Так закончилась первая глава его романа. Было Полу в ту пору почти двадцать три, и, хотя он до сих пор оставался девственником, голос плоти, который Мириам так долго чересчур облагораживала, теперь стал особенно сильным. При разговорах с Кларой Доус кровь разогревалась и быстрей устремлялась по жилам, грудь теснило, будто что-то живое там билось, туда переместилось его новое «я», средоточие нового сознания, предупреждая, что рано или поздно не миновать ему обратиться к той ли, к другой ли женщине. Но он принадлежал Мириам. Она так твердо была в этом убеждена, что он не оспаривал ее права.
10. Клара
В двадцать три года Пол послал один свой пейзаж на зимнюю выставку в Ноттингемском замке. Молодым художником заинтересовалась мисс Джордан, пригласила его к себе домой, где он познакомился с другими художниками. У него стало прорезываться честолюбие.

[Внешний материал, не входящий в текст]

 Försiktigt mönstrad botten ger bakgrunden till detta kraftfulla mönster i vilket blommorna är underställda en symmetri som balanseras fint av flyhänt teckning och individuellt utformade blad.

Однажды утром, когда он мылся в чулане, пришел почтальон. Пол вдруг услышал громкие возгласы матери. Он ринулся в кухню и увидел, она стоит перед камином, неистово размахивает письмом и как безумная кричит «Уррра!».
— Мама, ты что? — воскликнул Пол, ошеломленный и испуганный.

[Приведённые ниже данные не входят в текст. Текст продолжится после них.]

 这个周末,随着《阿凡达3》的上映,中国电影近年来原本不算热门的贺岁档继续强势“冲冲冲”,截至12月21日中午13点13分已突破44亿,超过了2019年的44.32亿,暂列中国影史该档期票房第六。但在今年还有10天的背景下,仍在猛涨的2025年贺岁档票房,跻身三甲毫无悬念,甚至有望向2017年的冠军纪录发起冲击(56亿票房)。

Мать бросилась к нему, на миг обхватила его руками, потом замахала письмом, крича:
— Урра, мой мальчик! Я знала, что мы своего добьемся!
Он ужаснулся — маленькая суровая женщина с седеющими волосами вдруг пришла в такое неистовство. Почтальон прибежал обратно, испугался, что случилось неладное. Они увидели над невысокой занавеской его фуражку с околышем. Миссис Морел ринулась к двери.
— Его картина удостоена первого приза, Фред, — крикнула она, — и продана за двадцать гиней!
— Право слово, это вам не фунт изюму! — сказал молодой почтальон, которого они знали с пеленок.
— Майор Моуртон ее купил, не кто-нибудь! — объявила она.
— Сдается мне, это чего-то да значит, миссис Морел, — сказал почтальон, голубые глаза его блестели. Он радовался, что принес такое счастливое письмо. Миссис Морел вошла в дом и села вся дрожа. Пол боялся, а вдруг она неверно поняла известие и потом будет разочарована. Он внимательнейшим образом прочел письмо один раз, другой. Все правильно. Он сел, сердце его билось от радости.
— Мама! — воскликнул он.
— Разве я не говорила, что так будет? — сказала миссис Морел, стараясь скрыть слезы.
Пол снял с огня чайник и заварил чай.
— Ты ведь не думала, ма… — осторожно начал он.
— Нет, сын… такого я не ждала… но я очень надеялась.
— Но такого не ждала, — сказал он.
— Нет… нет… но я знала, мы своего добьемся.
Теперь к ней вернулось спокойствие, по крайней мере внешне. Пол сидел с расстегнутым воротом сорочки, была видна его молодая, почти девичья шея, в руке полотенце, влажные волосы торчком.
— Двадцать гиней, мама! Тебе как раз столько и нужно, чтобы выкупить Артура. Теперь тебе вовсе ничего не надо занимать. Этого как раз хватит.
— Все я, разумеется, не возьму, — сказала она.
— Но почему?
— Потому что не возьму.
— Ну… ты возьми двенадцать фунтов, а мне оставь девять.
Они попрепирались из-за того, как разделить двадцать гиней. Мать хотела взять только пять фунтов, больше ей не надо. Пол и слышать об этом не хотел. И напряжение чувств разразилось спором.
Вечером вернулся из шахты Морел и сказал:
— Говорят, Пол получил первый приз за свою картину и продал ее лорду Генри Бентли за пятьдесят фунтов.
— Чего только люди не наболтают! — воскликнула миссис Морел.
— Ха! — ответил он. — Я так и говорил, мол, ясно, это враки. А они говорят, это Фред Ходжкисон сказывал.
— Можно подумать, я ему сказала такую чепуху!
— Ха! — подтвердил Морел.
Но все равно был разочарован.
— Пол и вправду получил первый приз, — сказала миссис Морел.